[Supplied information]
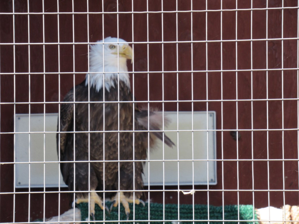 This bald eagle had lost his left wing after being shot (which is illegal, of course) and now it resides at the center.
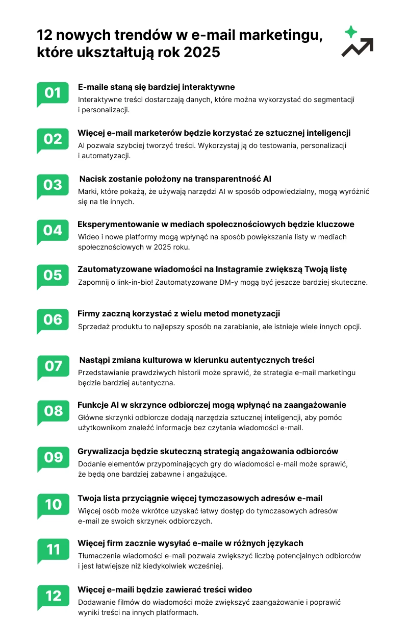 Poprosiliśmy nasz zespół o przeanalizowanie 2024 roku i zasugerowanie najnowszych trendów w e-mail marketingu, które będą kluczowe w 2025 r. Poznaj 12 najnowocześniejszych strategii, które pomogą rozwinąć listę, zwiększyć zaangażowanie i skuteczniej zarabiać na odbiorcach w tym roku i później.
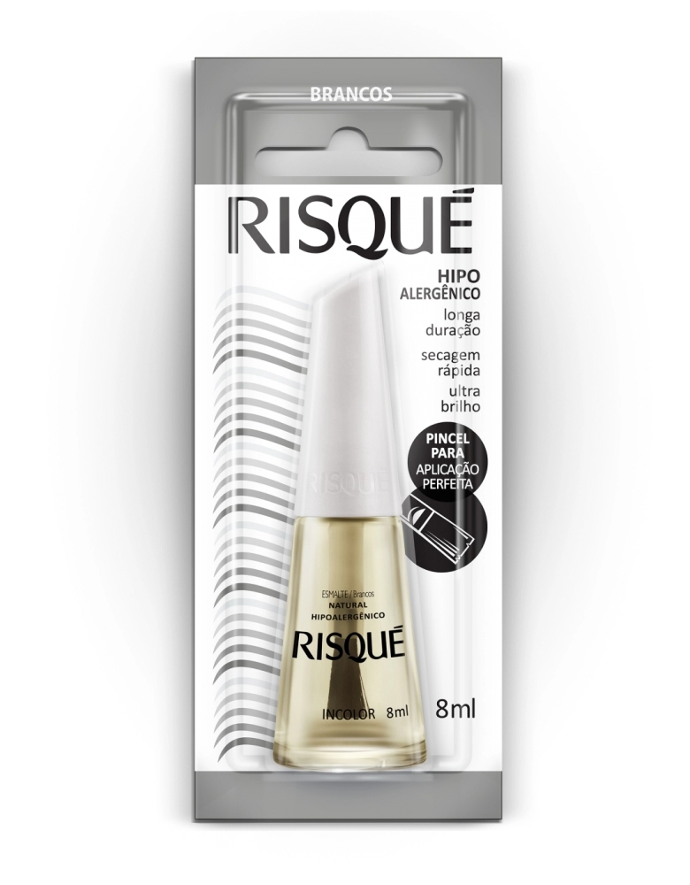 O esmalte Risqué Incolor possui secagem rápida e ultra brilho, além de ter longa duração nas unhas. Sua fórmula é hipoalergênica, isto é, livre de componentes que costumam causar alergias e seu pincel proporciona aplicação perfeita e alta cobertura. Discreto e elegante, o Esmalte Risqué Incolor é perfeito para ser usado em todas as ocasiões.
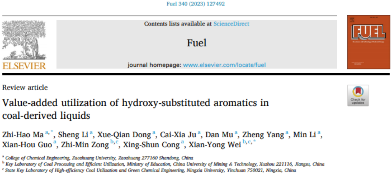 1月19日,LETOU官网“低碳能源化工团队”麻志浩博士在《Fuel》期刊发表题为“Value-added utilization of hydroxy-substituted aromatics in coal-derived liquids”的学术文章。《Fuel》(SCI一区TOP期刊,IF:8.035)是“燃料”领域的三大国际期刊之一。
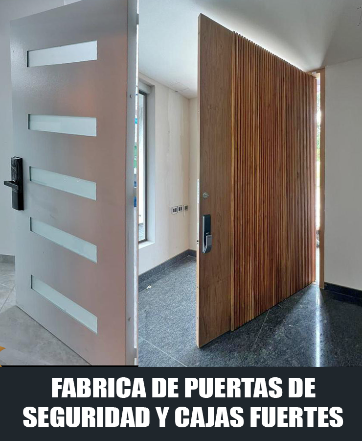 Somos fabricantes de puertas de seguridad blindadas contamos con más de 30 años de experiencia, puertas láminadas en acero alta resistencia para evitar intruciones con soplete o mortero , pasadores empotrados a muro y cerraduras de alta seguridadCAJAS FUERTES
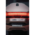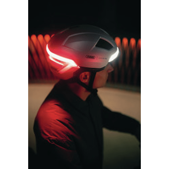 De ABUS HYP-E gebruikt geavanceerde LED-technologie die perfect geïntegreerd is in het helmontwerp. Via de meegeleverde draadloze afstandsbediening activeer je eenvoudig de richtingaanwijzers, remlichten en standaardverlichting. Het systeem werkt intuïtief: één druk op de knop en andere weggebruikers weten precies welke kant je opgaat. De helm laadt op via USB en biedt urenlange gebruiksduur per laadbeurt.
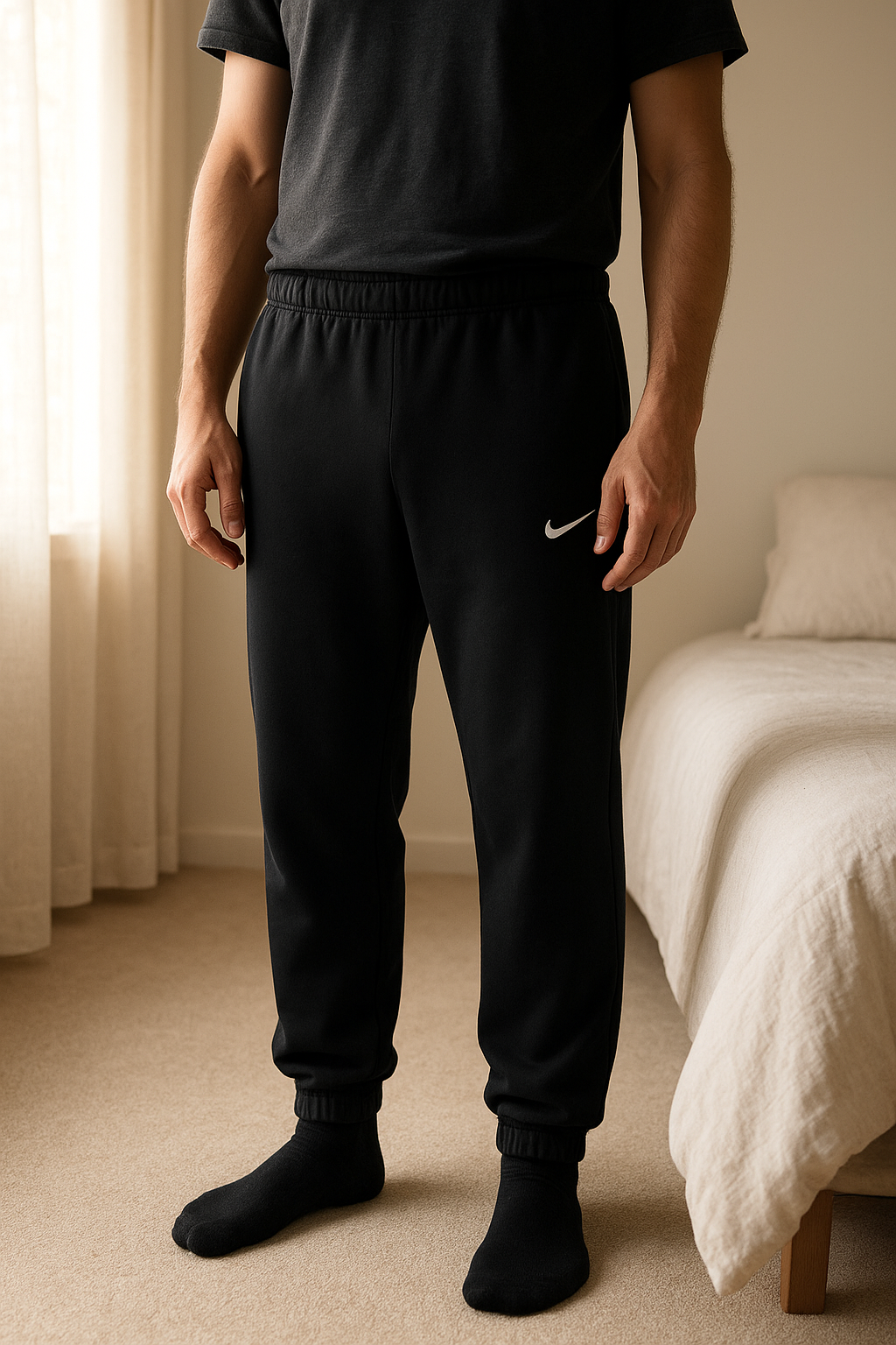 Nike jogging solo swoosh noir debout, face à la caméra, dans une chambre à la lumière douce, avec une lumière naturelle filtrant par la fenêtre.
* * *
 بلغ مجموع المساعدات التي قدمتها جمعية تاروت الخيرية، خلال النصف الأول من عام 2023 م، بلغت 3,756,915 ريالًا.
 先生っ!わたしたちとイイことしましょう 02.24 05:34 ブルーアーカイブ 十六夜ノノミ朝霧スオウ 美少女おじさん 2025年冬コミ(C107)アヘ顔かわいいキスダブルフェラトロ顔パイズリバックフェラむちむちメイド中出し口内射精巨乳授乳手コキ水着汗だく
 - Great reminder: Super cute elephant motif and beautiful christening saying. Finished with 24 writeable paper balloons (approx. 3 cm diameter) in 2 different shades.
...
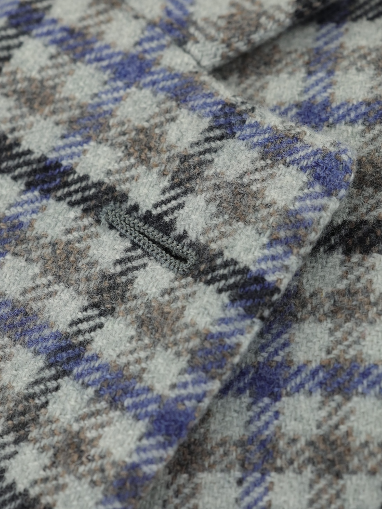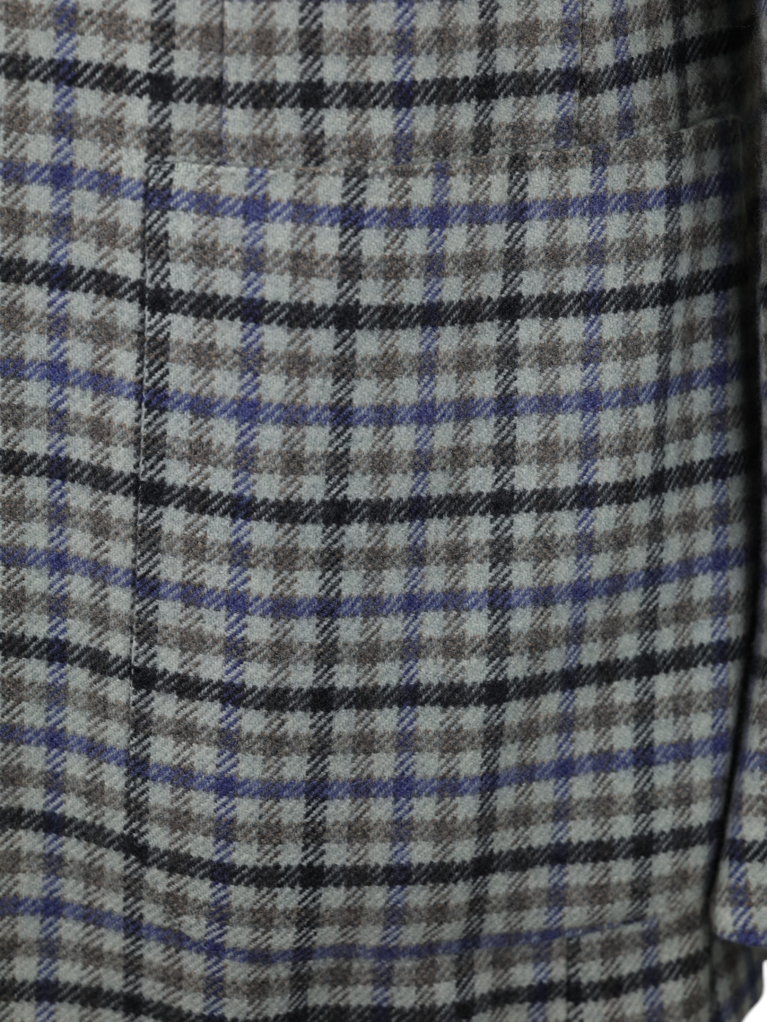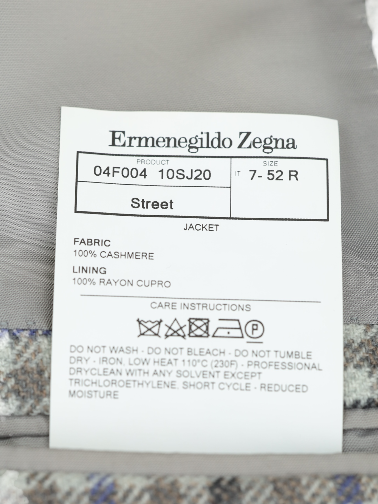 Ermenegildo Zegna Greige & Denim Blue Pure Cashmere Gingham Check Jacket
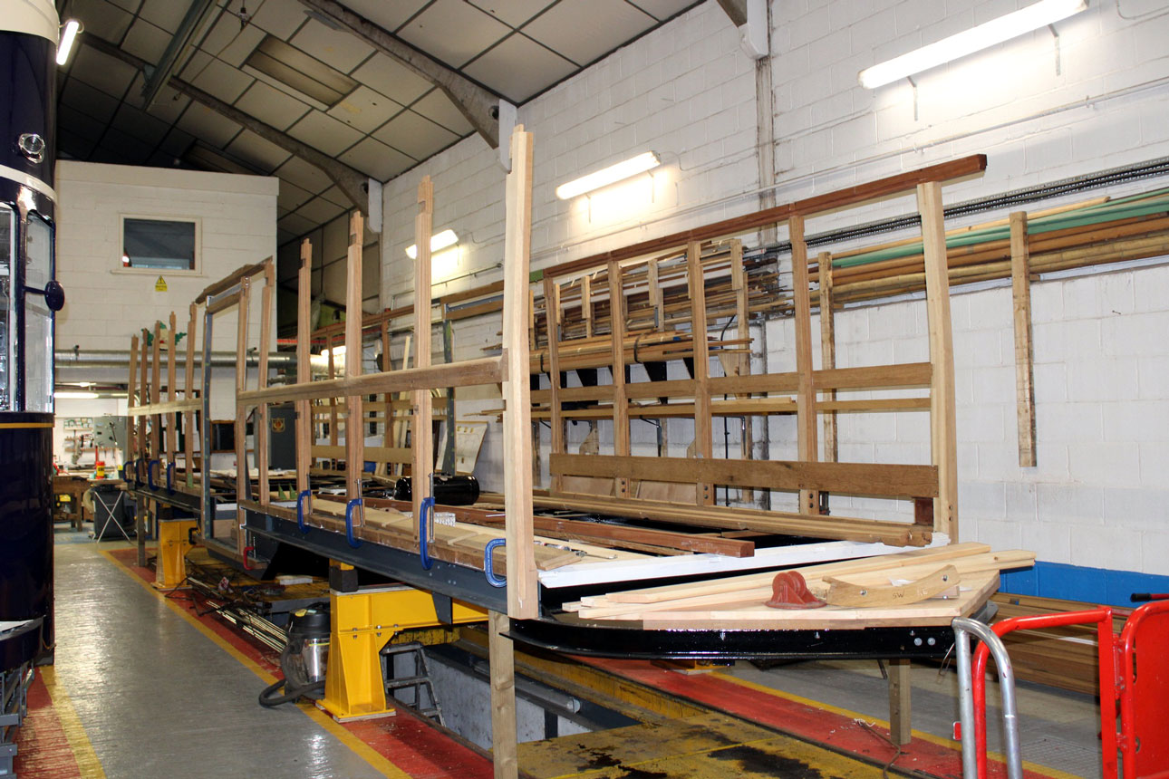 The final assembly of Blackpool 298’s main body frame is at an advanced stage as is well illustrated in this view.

[Task requirements]
Of the lines above, copy only those from the one holding "De ABUS HYP-E" to the one holding "Nike jogging solo", both included, and exclude every image.

[Task output]
 De ABUS HYP-E gebruikt geavanceerde LED-technologie die perfect geïntegreerd is in het helmontwerp. Via de meegeleverde draadloze afstandsbediening activeer je eenvoudig de richtingaanwijzers, remlichten en standaardverlichting. Het systeem werkt intuïtief: één druk op de knop en andere weggebruikers weten precies welke kant je opgaat. De helm laadt op via USB en biedt urenlange gebruiksduur per laadbeurt.
 Nike jogging solo swoosh noir debout, face à la caméra, dans une chambre à la lumière douce, avec une lumière naturelle filtrant par la fenêtre.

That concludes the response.